Peanut Butter Caramel Truffles
Author: 
Serves: 35-40
 
Originally featured in my column in Ami Magazine
Ingredients
  • 4 bars (3.5 ounces each) milk chocolate
  • ½ cup peanut butter
  • ½ cup confectioners’ sugar
  • 2 tablespoons butter or margarine
  • approximately ½ cup good quality dairy caramel cream (I like the kind that comes in a glass jar from Baker’s Choice)
  • ½ - ¾ cup peanut brittle (ice cream topping) or finely chopped peanuts
Instructions
  1. Melt chocolate double-boiler (in a heatproof bowl over a pot of boiling water). Pour the melted chocolate into one of the mold cavities, filling it up. Immediately pour the excess chocolate out so all that remains is a very thin coating on the edges of the mold cavity. Repeat with the remaining sections of the mold.
  2. Once all of the sections of the mold have been coated, place the mold in the refrigerator or freezer until the chocolate is completely hardened.
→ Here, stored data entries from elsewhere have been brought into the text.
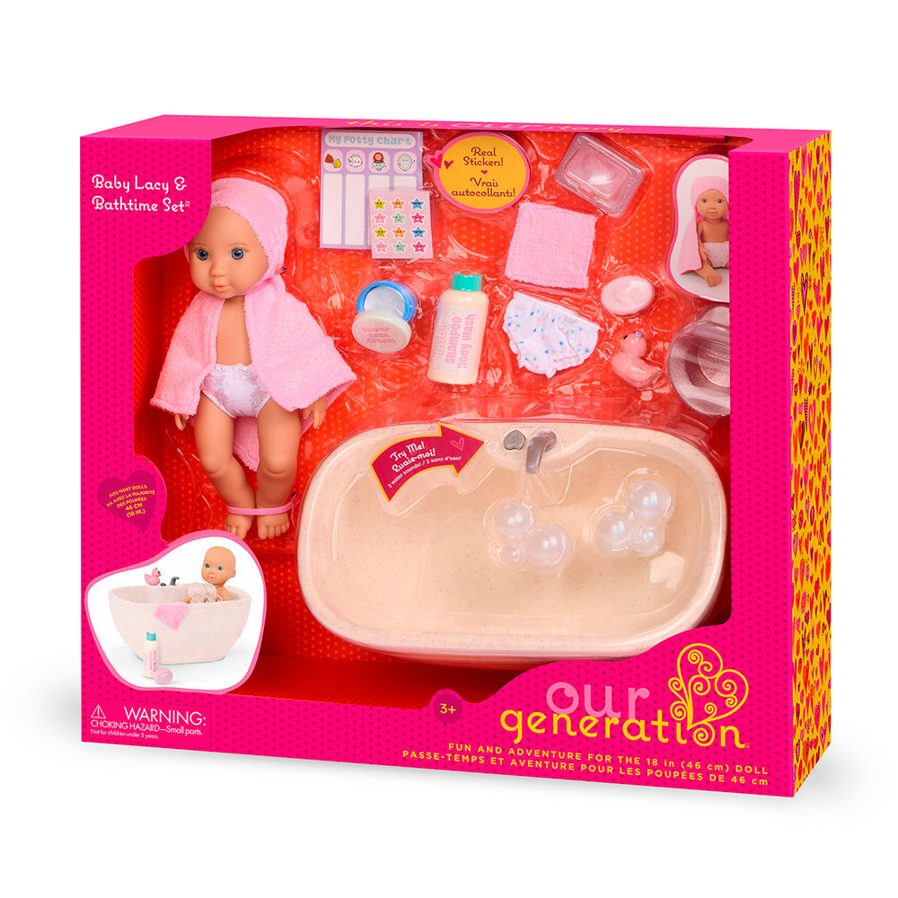 Plouf, éclaboussez et donnez un bain à bébé avec le coffret Our Generation Baby Lacy et son bain! Cet adorable ensemble de jeu offre aux enfants tout le nécessaire pour prendre soin de la poupée Lacy. Prêts pour le bain? Appuyez sur le bouton de la baignoire pour entendre l'eau couler et « remplir » la baignoire. Une fois Lacy dans la baignoire, ajoutez les bulles de bain et le canard en plastique pour encore plus de plaisir. Appuyez ensuite à nouveau sur le bouton pour activer un bruit d'éclaboussures et profiter d'un jeu de rôle réaliste! Un pot et un tableau d'apprentissage de la propreté aident les enfants à acquérir les bonnes habitudes d'hygiène, de la chasse d'eau au lavage des mains. De plus, la planche d'autocollants incluse leur permet de marquer fièrement chaque progrès! Des accessoires thématiques comme la serviette à capuche, le gant de toilette, la crème pour le change, le shampoing, le savon, les lingettes pour bébé et les couches complètent l'ensemble et enrichissent les histoires. Un ajout élégant aux maisons de poupées et aux ensembles de meubles pour poupées.
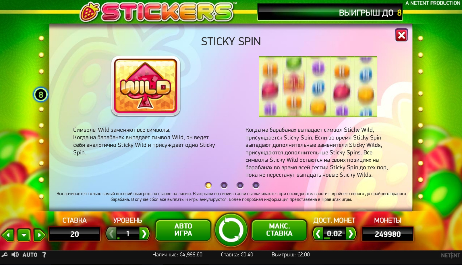 интересный видео обзор по внешнему интерфейсу и это не простой фруктовый слот, он более удобный, функциональный и интересней. "Липкий" дает уникальные возможности в игре
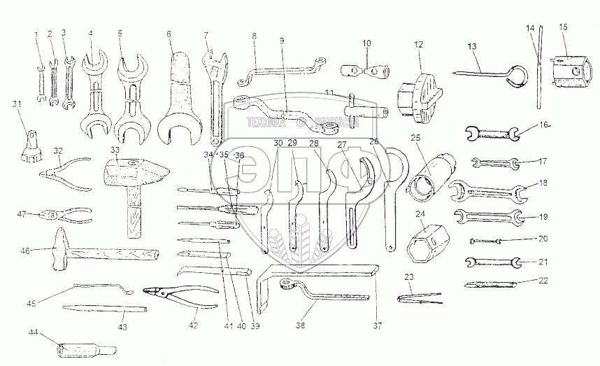 Каталог запасных частей к технике: МЗКТ-74296. Инструмент из комплекта ЗИ
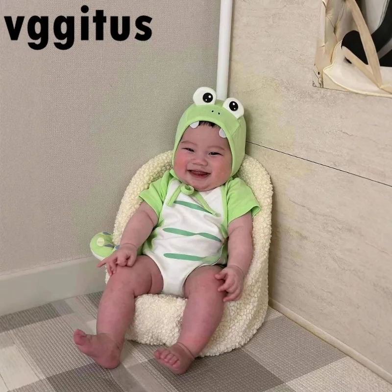 Neonato Estate Neonata Ragazzo Cartoon Dinosauro Body con cappello Infantile Manica corta Abbigliamento Carino Verde Tuta casual A8107
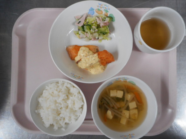 ごはん、豆腐と野菜のスープ、魚のムニエルタルタルソース、グリーンサラダ・・・451kcal
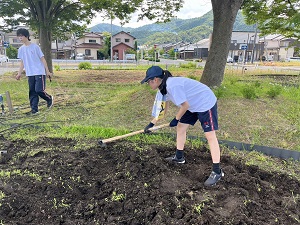 雑草がある程度とれると、今度は土壌づくりに取り組みました。培養土や堆肥をまき、養分の減った土を再生していきます(何と20袋分!)。耕すのは重労働でしたが、皆の力でやり切りました。
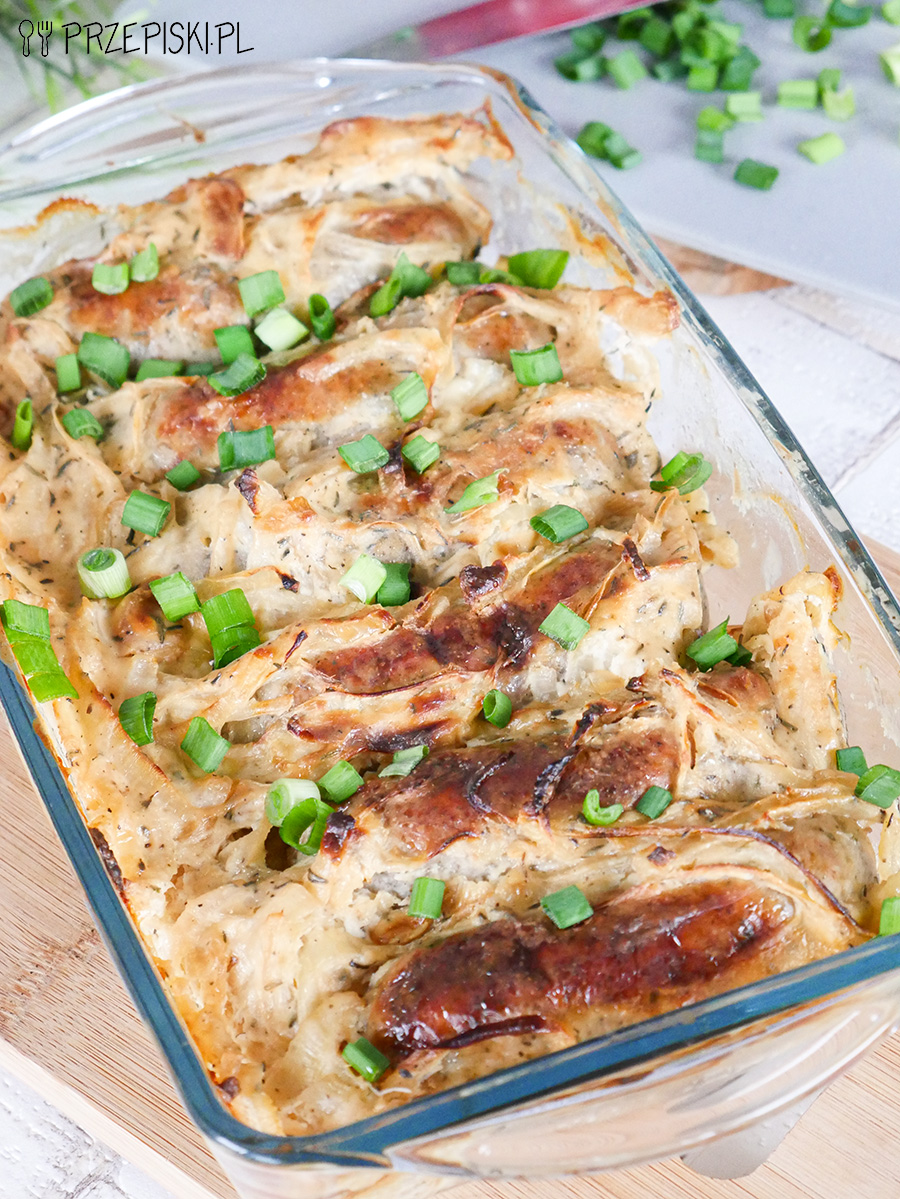 Zapiekana biała kiełbasa w sosie chrzanowym to doskonałe danie, które sprawdzi się zarówno w okresie świątecznym jak i w przypadku zwykłego obiadu. Potrawa jest niezwykle aromatyczna i bogata w smaku. A do tego bardzo prosta w przygotowaniu.
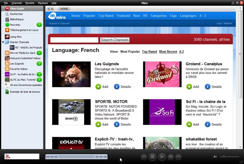 Miro dispose dun guide des programmes très pratique avec classification par thèmes, par langues (idéal pour isoler les contenus francophones qui sont très nombreux), par popularité, par ordre alphabétique. Il y a même un moteur de recherche de
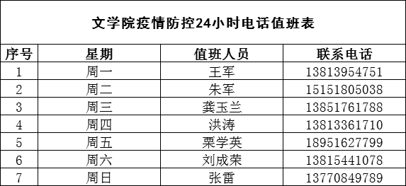 目前已经安排疫情防控24小时电话值班,值班表如下:

  3. While the coating hardens, prepare the filling. Combine peanut butter, confectioners’ sugar, and margarine until combined and smooth. (This is easier to do using a mixer, but you can do it by hand if you prefer.)
  4. Fill the truffles: Place a small amount of caramel in the bottom of the mold, filling it about a third of the way.
  5. Next, place a thin layer of the chopped peanuts on top of the caramel. Top them with a small ball of the peanut butter mixture. Do not fill it all the way to the top of the mold, or the bottom of your truffle won’t be smooth.
  6. Lastly, top the fillings with more melted chocolate, filling the mold right up to the top. Use a rubber or offset spatula to smooth out the chocolate, then place the mold in the refrigerator or freezer to harden. Store in the refrigerator for up to 2 weeks or freezer for up to a month.